6-The_Tokenizers_library-4-Normalization_and_pre-tokenization

中英文对照学习,效果更佳!
原课程链接:https://huggingface.co/course/chapter6/5?fw=pt

Normalization and pre-tokenization

正规化和预标记化

Ask a Question
Open In Colab
Open In Studio Lab
Before we dive more deeply into the three most common subword tokenization algorithms used with Transformer models (Byte-Pair Encoding [BPE], WordPiece, and Unigram), we’ll first take a look at the preprocessing that each tokenizer applies to text. Here’s a high-level overview of the steps in the tokenization pipeline:

在更深入地研究Transformer模型使用的三种最常见的子词标记化算法(字节对编码[BPE]、WordPiess和Unigram)之前,我们将首先了解每个标记器应用于文本的预处理。以下是标记化管道中步骤的高级概述:

The tokenization pipeline.
The tokenization pipeline.
Before splitting a text into subtokens (according to its model), the tokenizer performs two steps: normalization and pre-tokenization.

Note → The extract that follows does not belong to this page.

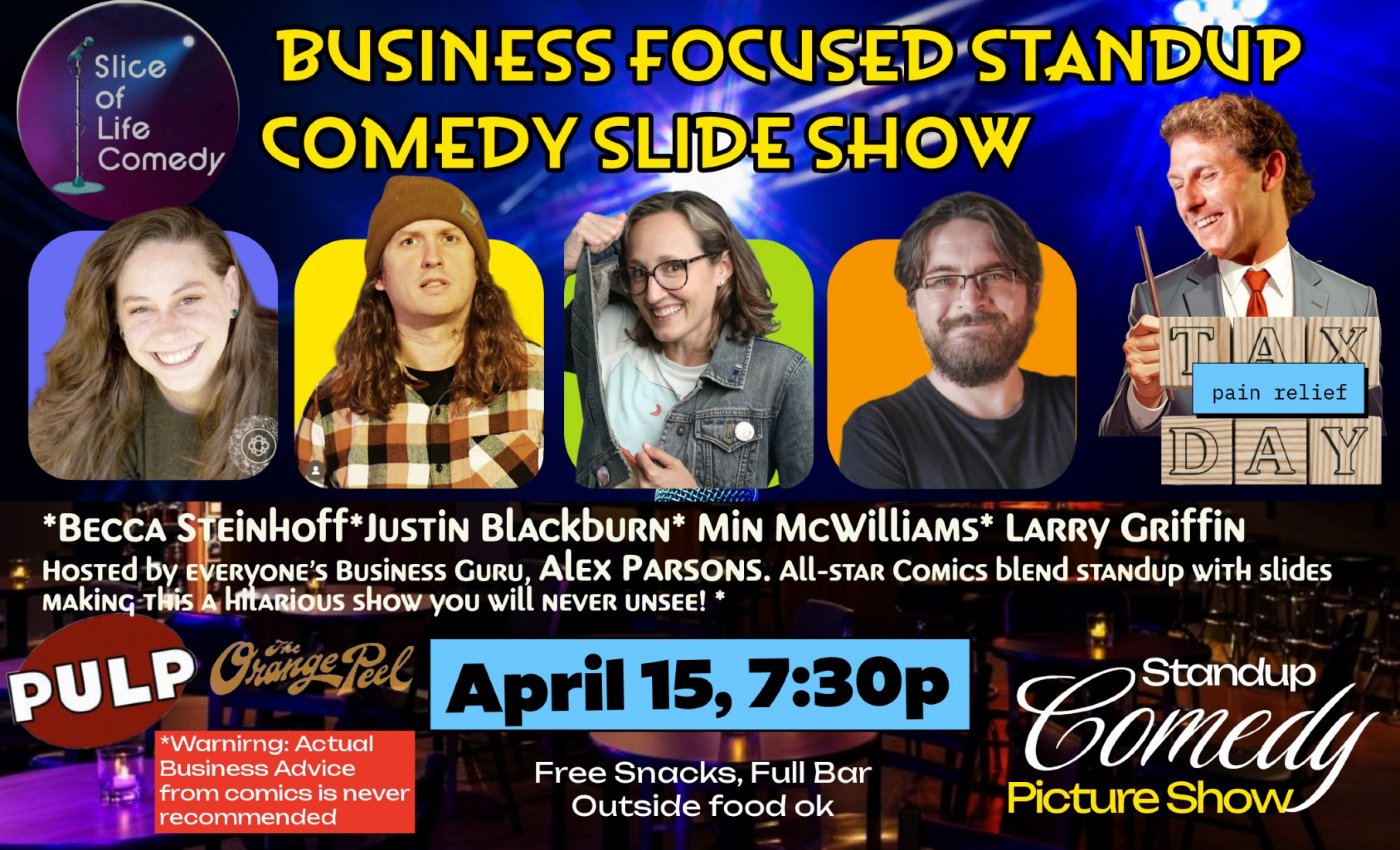 Tax Day getting you down? Find the funny side of your business when comics on the show do stand up with slideshow pictures to illustrate their sets, ridiculously explaining their interpretation of occupations. This is sure to keep you in your seats figuring out what you just looked at!

令牌化管道。令牌化管道。在将文本拆分成子标记之前(根据其模型),标记器执行两个步骤:规范化和预标记化。

Normalization

正规化

The normalization step involves some general cleanup, such as removing needless whitespace, lowercasing, and/or removing accents. If you’re familiar with Unicode normalization (such as NFC or NFKC), this is also something the tokenizer may apply.

规范化步骤涉及一些常规清理,例如删除不必要的空格、小写和/或删除重音。如果您熟悉Unicode标准化(如NFC或NFKC),这也可能适用于记号赋值器。

The 🤗 Transformers tokenizer has an attribute called backend_tokenizer that provides access to the underlying tokenizer from the 🤗 Tokenizers library:

🤗Transformer令牌化器具有名为Backend_Tokenizer的属性,该属性提供从🤗令牌化器库访问底层令牌化器的权限:

1
2
3
4
from transformers import AutoTokenizer

tokenizer = AutoTokenizer.from_pretrained("bert-base-uncased")
print(type(tokenizer.backend_tokenizer))
1
<class 'tokenizers.Tokenizer'>

The normalizer attribute of the tokenizer object has a normalize_str() method that we can use to see how the normalization is performed:

`tokenizer对象的Normizer属性有一个Normize_str()`方法,我们可以使用该方法来查看规范化是如何执行的:

1
print(tokenizer.backend_tokenizer.normalizer.normalize_str("Héllò hôw are ü?"))
1
'hello how are u?'

In this example, since we picked the bert-base-uncased checkpoint, the normalization applied lowercasing and removed the accents.

在本例中,因为我们选择了bert-base-unased检查点,所以标准化应用了小写并去掉了重音。

✏️ Try it out! Load a tokenizer from the bert-base-cased checkpoint and pass the same example to it. What are the main differences you can see between the cased and uncased versions of the tokenizer?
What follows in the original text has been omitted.